Publication Counts Versus Citation Counts
Publication counts provide a primary metric for scientific productivity and are used by NIH officials to measure thinks like return on taxpayers’ investments and to optimize funding allocations (e.g., JM Berg, 2012; JR Lorsch, 2015). This is a robust and useful metric, provided that it is normalized to total funding (all sources, direct and indirect costs). However, the metric provides no insight into the “impact” of the publications.

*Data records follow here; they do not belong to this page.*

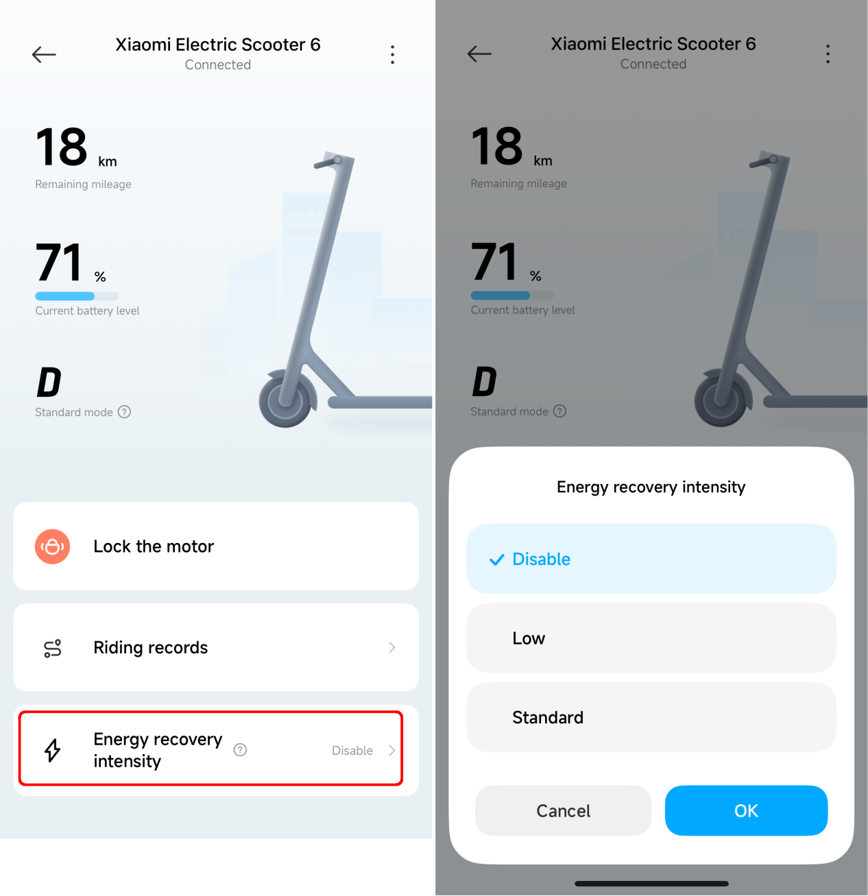 A: After connecting the scooter to the Xiaomi Home App, select [Energy recovery intensity] on the homepage to access the secondary page, and then select the desired energy recovery level on the pop-up page. This function is disabled by default.
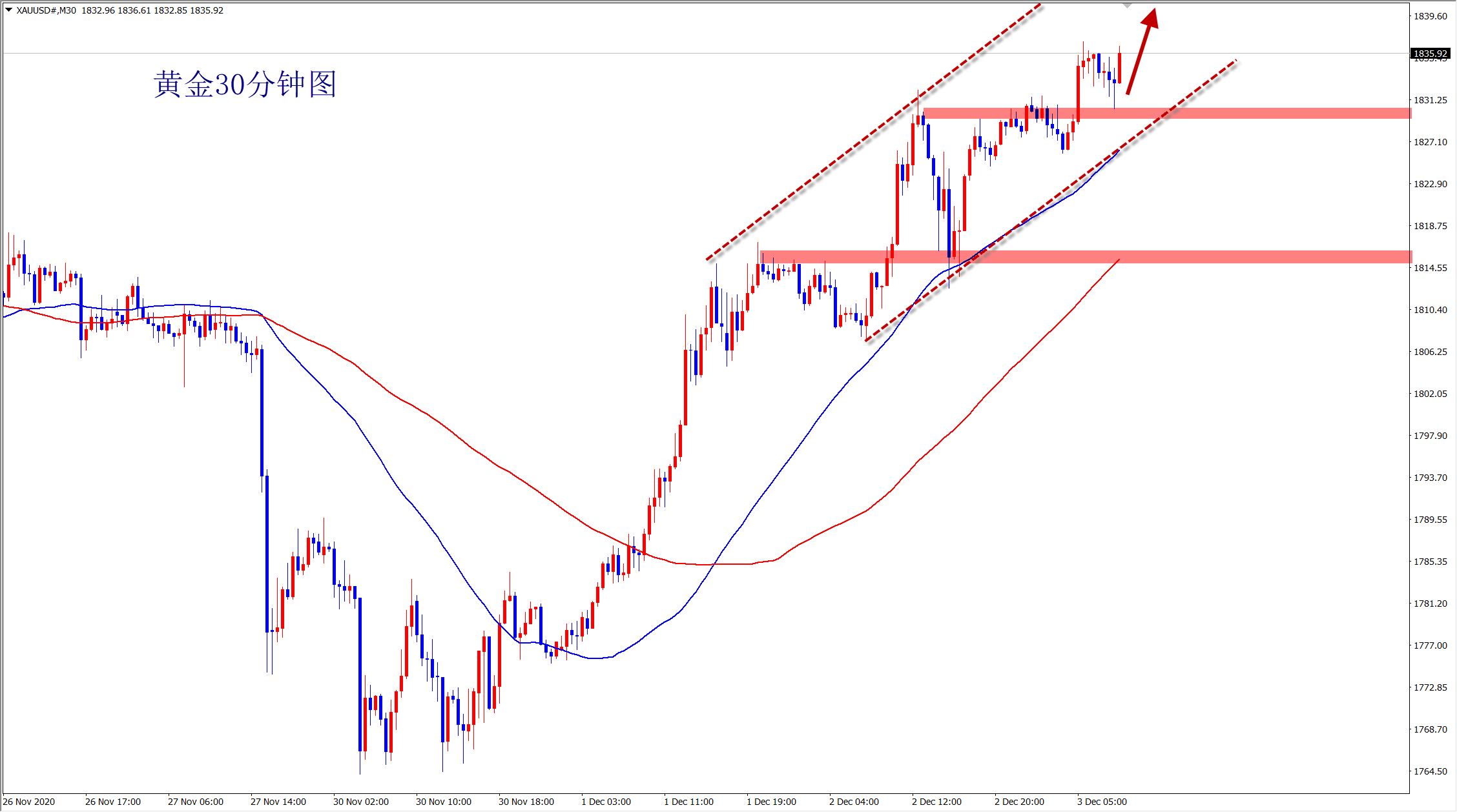 黄金1830上多,保护1825,目标1848;
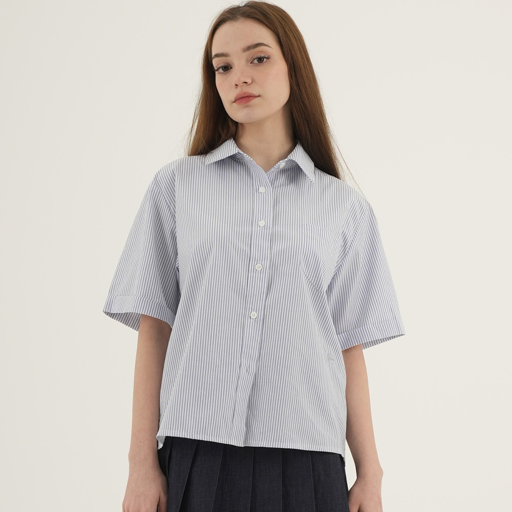 여리여리한 쉬폰소재에 잔잔한 도트 조직감이 돋보이는 블라우스예요.
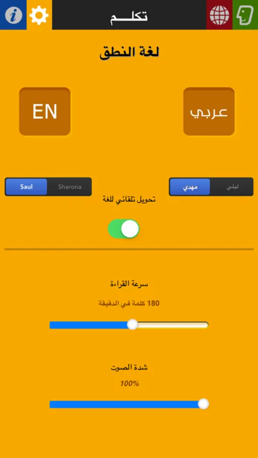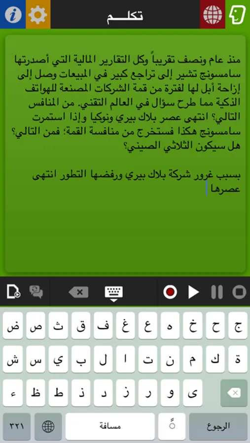 تكلم هو اول برنامج على اجهزة الأي-فون والأي-باد والأي-بود تاتش يتكلم العربية، نعم البرنامج يمكنك من تحويل النصوص العربية والإنجليزية الي كلام مسموع، الان هذه التقنية لم تعد حكراً على الغرب فكم وددنا من قبل وضع نص عربي ثم يقرأ لنا ونحن نؤدي اعملاً اخرى. مثل قيادة السيارة او القيام بأعمال يدوية تتطلب من بعض التركيز البصري

Mike Lauer suggests that citation-based metrics provide a useful tool to gauge the impact of NIH-sponsored research. However, I contend that such metrics lack the precision and accuracy required to make any meaningful policy decisions. Here is why:
First, as pointed out by Debbie Andrew, authors themselves can have a positive impact on citations of their own work by failing to cite seminal work (and in some cases essentially identical findings) published by others. Whether by intent, ignorance or journal limits on the number of references, this practice reduces the citation impact of both ground laying and seminal work.
Second, as pointed out by Lee Ann, citation-based metrics tend to favor research areas that are perceived to be hot. Similarly, the fact that a paper is published in a “hot” journal increases the likelihood that it will be cited, even if the study itself is not so hot. And the identical paper published in a journal with a lower impact factor would likely garner fewer citations.
Third, there are strong biases in grant application success rates between institutions and even between whole states. Such institutional and geographical biases likely also affect journals’ decisions on which papers to publish and authors’ decisions on what papers to cite, each of which affects citation-based metrics.
Fourth, normalizing citation data by field (or topic) imparts more imprecision. Most research is highly focused and citations of such work are, necessarily, normalized to broader, arbitrary topics. For example, citations of a meiotic cohesin paper might be normalized to biochemistry or to genetics, each of which would give a different normalized impact—and neither of which is appropriate for the actual, narrow field. (Relative Citation Ratio, which attempts to address this issue, has its own limitations.)
Fifth, the citation data cannot distinguish between scientifically robust citations (authors read the paper they cited) and less compelling citations (authors cited secondarily from someone else’s reference list or an abstract). In the old days, references were not corrected electronically and it was easy to find unique, newly arising citation errors (e.g., wrong page numbers)—and to trace all of the lazy authors who subsequently copied the reference list citation (with error) into their own reference lists. This practice of citing without reading is common and its effect on citation rates can compound over time, like jackpot mutations in a Luria–Delbrück fluctuation test.
For such reasons, I contend that citation-based metrics cannot provide an accurate measure of the value of scientific work sponsored by the NIH. Unless and until the bibliometrics wonks can account quantitatively for multiple sources of bias and imprecision (examples above), inferences about “quality”, “outcome” or “impact” made using citation-based metrics should be interpreted with caution.
All that was great about publication counts for research productivity prior to the genesis of predatory journals. Nowadays, quite a few of these get listed in PubMed. If one needs to just pad-up the publication count, all you need to do is submit half-baked manuscripts/LPUs (least publishable units), along with the usual few hundred dollar fee/bribe for publication costs to the online journal, and voila….! you get a PubMed citation sometimes in just 24 hours, at most in two weeks. If the NIH reviewers are still counting publications when evaluating an applicant’s productivity, I would be sorely disappointed with them.